Their cargo was a 60-year-old football coach and his family. They were on a “Flight of Sighs” to the seamy side. His forsaken “Fighting Irish” football team are left to those he left behind. At least two of his staff followed him.
Brian Kelly had to wrestle with the reason for his change of heart – was it the challenge of sport or the siren of lucre? The sunrise view of “Our Lady’s” golden dome from the vantage point of his new home would be gone forever. Looking down, he could see his former campus and the iconic figure of “Touchdown Jesus” holding its arms at half-measure saying, “I tried to tell you!”
The Brinks truck that carted seventeen million dollars for the outgoing coach to Destin is returned to Baton Rouge with a larger $100,000,000 haul for the next guy. From where does all this money come?

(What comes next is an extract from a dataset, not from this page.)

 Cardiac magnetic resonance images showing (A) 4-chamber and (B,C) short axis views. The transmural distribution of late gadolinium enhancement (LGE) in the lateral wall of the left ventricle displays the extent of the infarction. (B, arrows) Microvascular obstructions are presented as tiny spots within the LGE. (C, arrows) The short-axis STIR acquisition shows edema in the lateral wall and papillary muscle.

Private money funds LSU athletics!
It is a myth that “no public money” is being used for LSU athletics. It’s past time to put the quietus on that bromide. The truth is that it is almost all “public money!”
Donations to the 501(c)3 Tiger Athletic Foundation (TAF) are the coins of the realm. Federal tax deductions fund sports entertainment at the university. For example, money destined for the common good is diverted to the TAF through federal tax write-offs. This is called “supplanting.”

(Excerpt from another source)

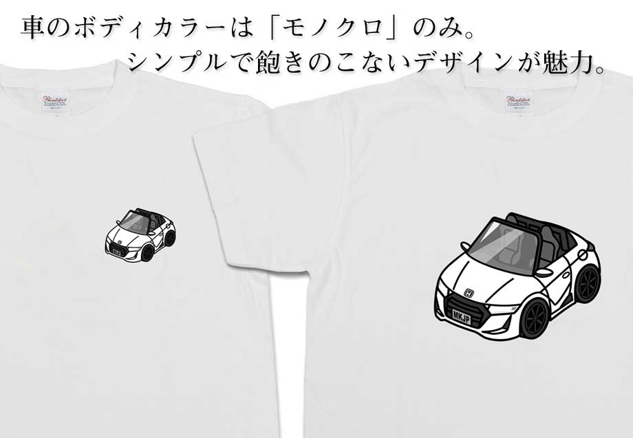 車のボディカラーは「モノクロ」のみ。シンプルで飽きのこないデザインが魅力。クールなモノトーンのコーデでお洒落な大人の雰囲気を醸し出します。Tシャツデザインのベースは2種類。【ノーマル/ワンポイント】をラインナップ。Tシャツ以外にも、キーホルダーやスマホケース、クッションなども同シリーズでラインナップしています。【すべて受注生産です】 |

As for season ticket holders, Tiger Stadium is truly “Death Valley” As a precondition to buying a ticket, fans must “donate “a fee to the Foundation for the right. -a clever, but questionable legal subterfuge. The administration is complicit in this dubious scheme.
LSU is rife with allegations of Title IX violations of sex and abuse scandals committed by its male athletes. The fired coach had multiple allegations of dismissing and hiding Title IX misconduct. He was never held accountable, except for losing too many games. His “buy-out” was paid with tax- deductible taxpayer money.

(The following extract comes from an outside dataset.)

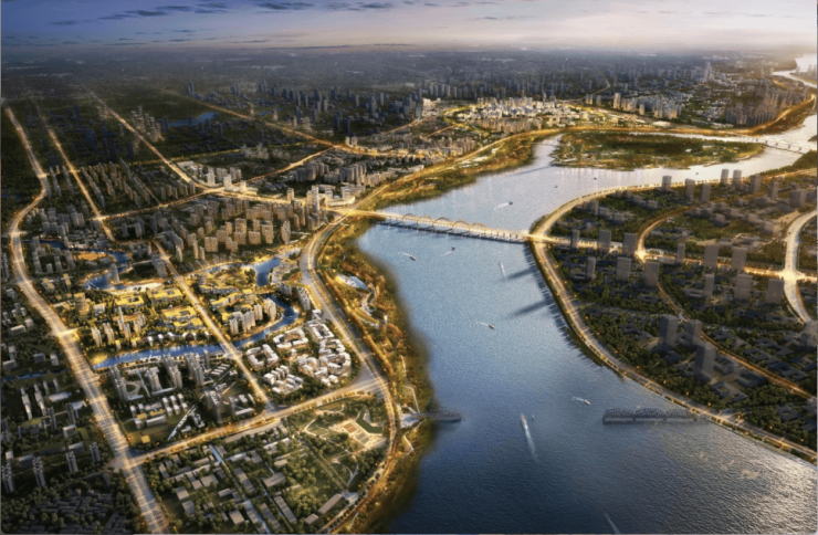 佳丰·京艺湾坐落新大洲大道与海榆大道交汇处,坐拥江东新区自贸港政策高地,兼享滨江新城宜居配套,拥揽南渡江一线生态景观,以"政策+区位+生态"三重优势,成就自贸港芯的稀缺滨水人居。
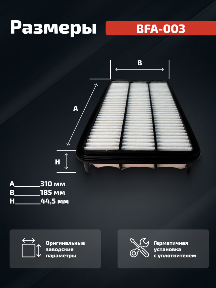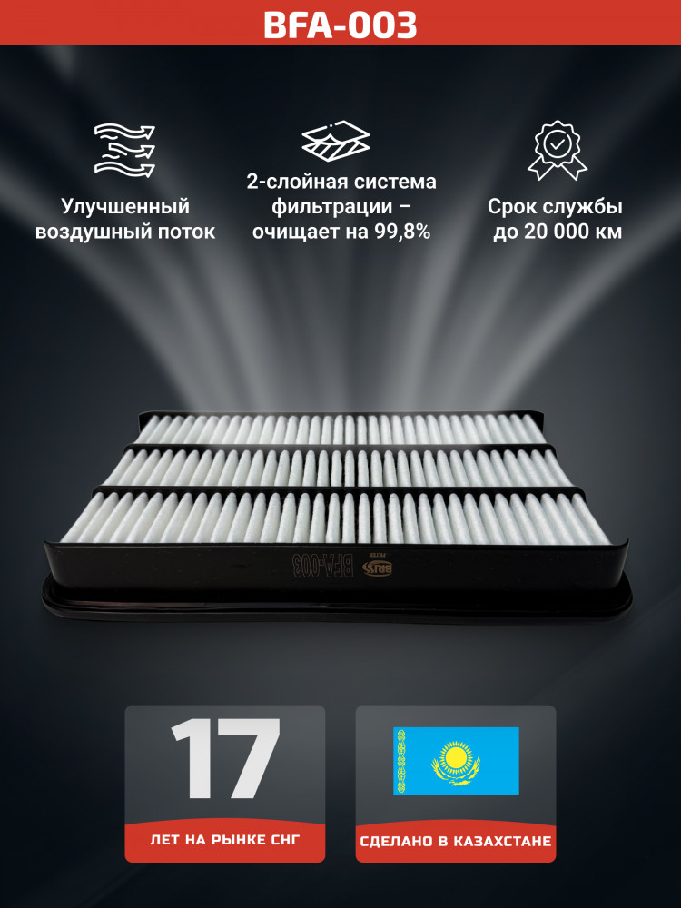 Рекомендации по замене: для поддержания максимальной эффективности работы двигателя рекомендуется менять фильтр через каждые 10 000–15 000 км пробега, либо чаще при эксплуатации в условиях повышенной запыленности. Совместимость с оригинальными номерами 17801-03010, 17801-74060 позволяет использовать BFA-003 в качестве надежного и доступного аналога заводских фильтров. |

The LSU Board of Supervisors “Rubber-stamped the new hiring contracts. A clause intertwining the coach and athletic director contracts was approved without serious scrutiny.
If the donations become scarce, is the State liable to make up the difference from its treasury? Should a fiscal note be attached to the agreement, or does the Joint Legislative Committee on the Budget require prior approval? Will an annual audit be conducted? How much, if any public funds, might be in jeopardy?
Who cares about any of this? It’s all free money!